Join us for an evening of vocal exercises and listening with Nathalie Wuerth and guests, performing collectively generated scores based on every-day practices of maintenance.
Exploring the soundscape of so called
white noise
both abstractly
and more concretely as the rhythms of reproductive labour.
Soundtracks of white noise, from vacuum cleaners, hair dryers, washing machines are uploaded on the internet and used as lullabies or background sound to relax or fall asleep to.
White noise is a complex sound. During her residency at Primary, Nathalie Wuerth will be looking for ways to perform it as a group, using notions of polyrhythmic patterns and visual and spatial notations as guidelines.
Nathalie Wuerth is an artist based in Stockholm, Sweden. Her work is informed by performative practice and feminist discourse.
In Wuerth’s work, the voice is used as a material to measure space and to relate to ones self and the surroundings, both social and material. Testing the limits of the body and it’s languages, from pre-verbal states of language to citational practice, the voice tries to occupy an other, that of a vacuum cleaner and of a series of insects, to that of a mythological figure such as Medusa. Lately involved in the feminist movement around Wages for Housework, the voice has been used to map housework in private homes and perform it collectively as a choir.

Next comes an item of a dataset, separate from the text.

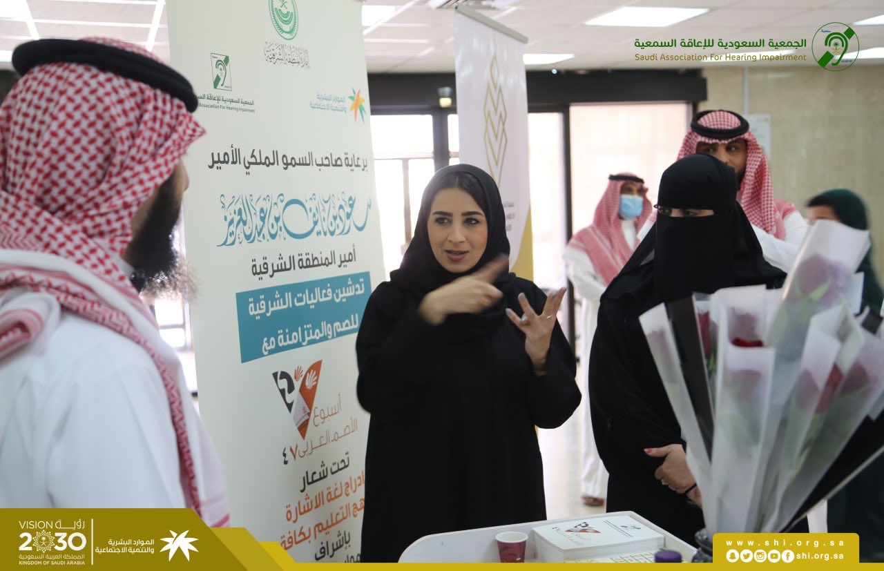 تحت رعاية صاحب السمو الملكي الأمير سعود بن نايف آل سعود امير المنطقة الشرقية حفظه الله وبأشراف فرع وزارة الموارد البشرية والتنمية الاجتماعية وبحضور المدير العام استاذ عبد الرحمن المقبل ومساعدته أ.ابتسام الحميزي اقامت الجمعية السعودية للإعاقة السمعية بالمنطقة الشرقية فعالية صم الشرقية والمتزامنة مع اسبوع الاصم العربي السابع والاربعون بعنوان (ادراج لغة الاشارة ضمن مناهج التعليم بكافة مراحلة) .

Wuerth has previously presented the work Clair the ear – a domestic choir at Konsthall C (2016), the solo performances AspIre at Norrtalje konsthall (2016) and Mmm at Marabouparken (2017), as well as published a poster Day-to-day in the magazine Bang (2017) and participated in group shows at the Index Foundation (2018) in Sweden, at Spectrum (2016) and Acud macht neu (2018) Germany and PAB (2016) Norway.